UX and usability are different, however. Usability is “a quality attribute of the UI, covering whether the system is easy to learn, efficient to use, pleasant, and so forth.” User experience is a wider category, that, “In order to achieve high-quality user experience in a company’s offerings there must be a seamless merging of the services of multiple disciplines, including engineering, marketing, graphical and industrial design, and interface design.”
Certainly, costs for testing and implementing an adequate solution can vary dramatically from company to company or even channel to channel. Although it can be a big production, conducting usability testing doesn’t have to be a major undertaking or drain on time or resources. Having participants from your target audience test a website or app can help identify the most glaring problems and frustrations keeping customers from enjoying a positive experience with your company.
Be transparent
Again, Gartner finds that “along with ease of use, trust is a key component of a consumer’s satisfaction with a digital experience.”
Without that initial reason to trust your company with whatever data they must exchange as part of doing business with you, consumers are much less likely to do business with you in the first place. About 20 percent of non-users cite a lack of trust as their reason for spending their money and trusting their information with someone else.
Establishing trust with consumers upfront is no longer just a way to stand out as one of the “good guys,” it is a necessity if you want to do business. Here are some steps you can take to make your company more transparent, compliant, and competitive – and this will assist with building customer trust in the process.
Demonstrate good stewardship of customer data
The deck is already stacked against you when it comes to convincing consumers to share their data with you. The Marketo blog describes research findings, and “the trouble is, 65% of consumers are uncomfortable with their personal data being shared with for-profit firms, according to the Insights Network report.”
Even if you haven’t contributed to the problem of broken trust over customer data, the challenge is one you must meet and overcome.
Consider these steps toward earning consumer trust in the age of data breaches and GDPR:
Implement the technologies and expert resources (such as data scientists) needed to properly collect, store, manage, protect, and share customer data.
Collect data consensually; don’t buy it. The shortcut may be tempting, but you’re likely not getting the data that’s going to be useful to you or your prospective customers. They will know that you bought it; you will be at least that transparent.
Be transparent about everything above. Let customers know the who, what, where, when, and how of your data collection practices.
Grant customers hassle-free access to the data you have about them. And allow a delete option.

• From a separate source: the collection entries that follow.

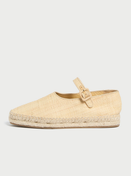 Beige Almond-Toe Adjustable Bridge Strap Espadrille Mary Janes Flats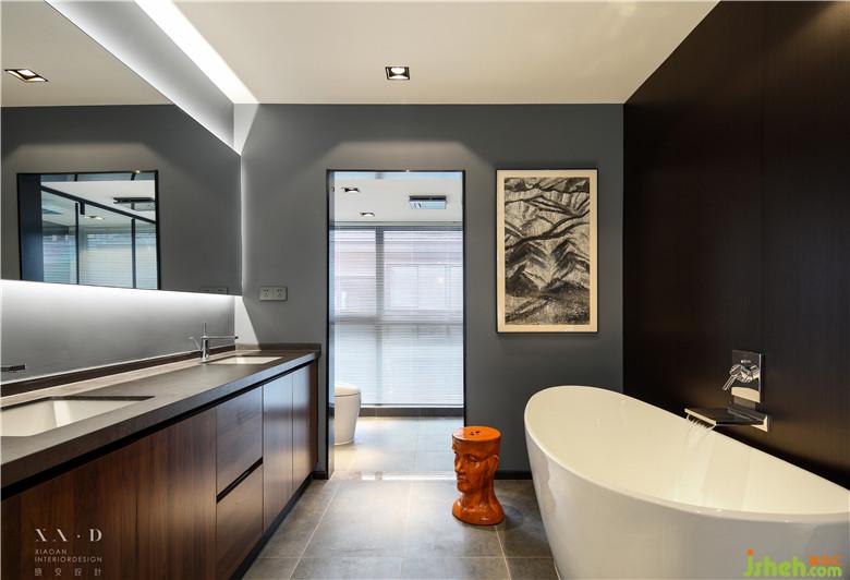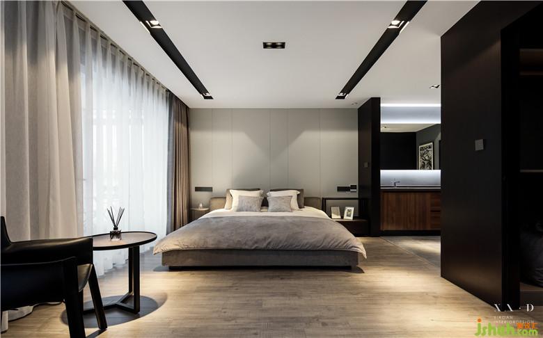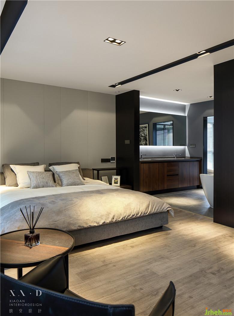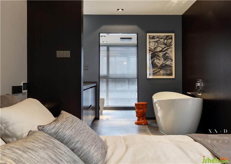 比较大胆的是,室内设计师将淋浴区的位置完全打开,浴缸是直接放在床边上的,这个设计在一般空间里是不会有的。整个空间上我们是一致采用了黑白灰色系的,呈现的方式以酒店式的套间主,这也是业主前期和我们沟通过想要呈现的效果。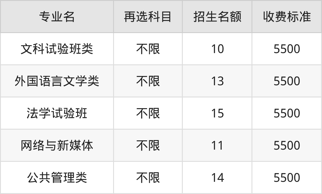 西安交通大学在历史组本科批招生的各个专业,每年的学费是5500元。招生人数最多的专业是法学试验班,2025年招15人,学费是5500元。

Not only will you earn trust and goodwill with consumers, but you will also be well on your way to compliance.
Understand and reflect your customers’ values and concerns
As seen on the Marketo blog, your customer wants to be the hero, and it’s up to you to enable that in a forward and transparent way. “Empower your customers with the feeling that investing in your products or services makes them a hero. Draw a clear, straight line from their point-of-purchase to the impact they’ll have on the world.”
According to Gartner, “In a recent survey, we learned that 70% of consumers expect brands to take positions on social issues that are being debated at large, particularly if they are relevant to their business.”
Again, the assumption is that to empower customers to live their values, you first understand your customers, including what they value and why. Understanding and empathy will always be the foundation of your strategy to connect with your customers emotionally, even as you both evolve.